* [WORK INSTRUCTION]:
With the pictures left out, return exactly the lines from the one containing "Неподалік Коростеня на" through the end of the listing below.

Segment Start: SUPPLIED MATERIAL

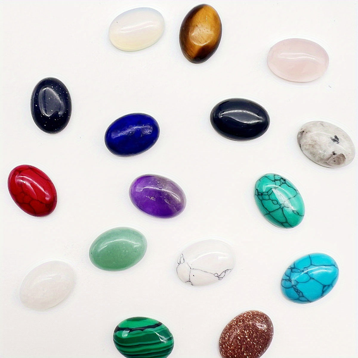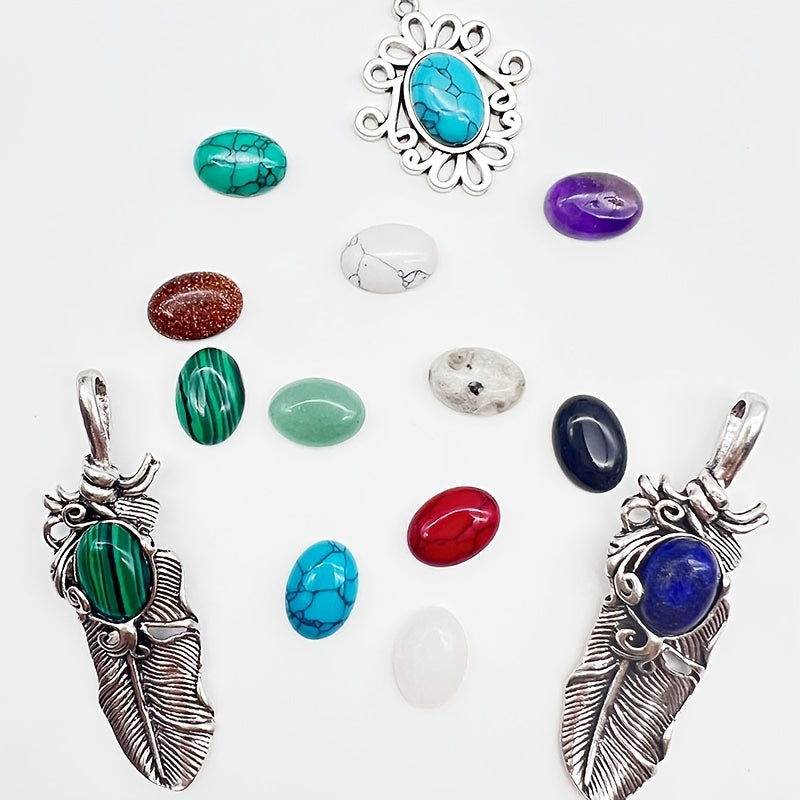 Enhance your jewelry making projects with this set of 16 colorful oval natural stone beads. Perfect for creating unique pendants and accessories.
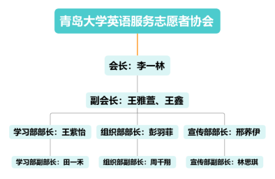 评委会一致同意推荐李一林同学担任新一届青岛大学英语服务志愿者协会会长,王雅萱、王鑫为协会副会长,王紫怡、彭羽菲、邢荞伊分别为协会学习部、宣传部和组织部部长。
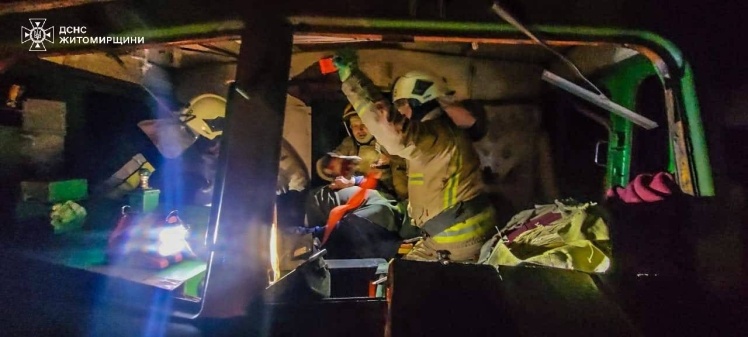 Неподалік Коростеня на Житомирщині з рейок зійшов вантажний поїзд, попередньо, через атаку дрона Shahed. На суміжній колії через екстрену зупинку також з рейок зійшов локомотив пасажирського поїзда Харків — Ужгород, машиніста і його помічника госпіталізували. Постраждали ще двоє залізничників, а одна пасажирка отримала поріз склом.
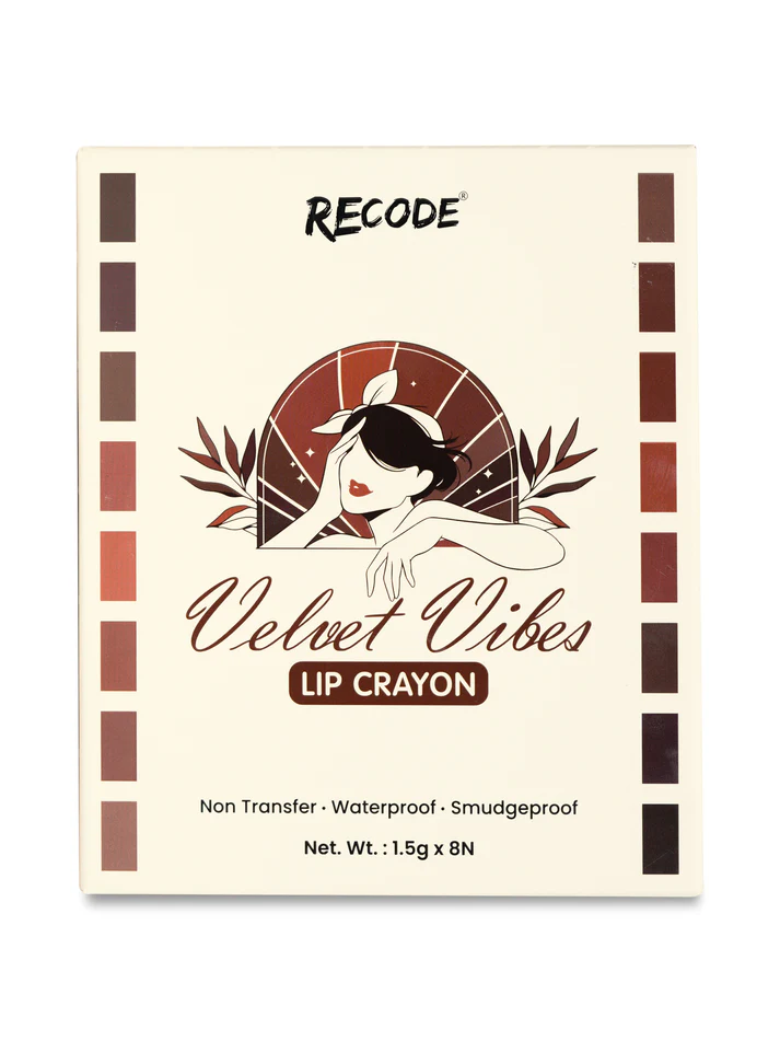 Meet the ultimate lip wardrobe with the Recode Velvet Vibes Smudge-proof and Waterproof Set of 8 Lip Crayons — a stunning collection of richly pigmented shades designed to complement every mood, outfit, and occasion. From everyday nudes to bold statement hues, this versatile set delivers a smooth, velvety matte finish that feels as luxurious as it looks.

Segment End: SUPPLIED MATERIAL

* [ANSWER TO THIS EXERCISE]:
 Неподалік Коростеня на Житомирщині з рейок зійшов вантажний поїзд, попередньо, через атаку дрона Shahed. На суміжній колії через екстрену зупинку також з рейок зійшов локомотив пасажирського поїзда Харків — Ужгород, машиніста і його помічника госпіталізували. Постраждали ще двоє залізничників, а одна пасажирка отримала поріз склом.
 Meet the ultimate lip wardrobe with the Recode Velvet Vibes Smudge-proof and Waterproof Set of 8 Lip Crayons — a stunning collection of richly pigmented shades designed to complement every mood, outfit, and occasion. From everyday nudes to bold statement hues, this versatile set delivers a smooth, velvety matte finish that feels as luxurious as it looks.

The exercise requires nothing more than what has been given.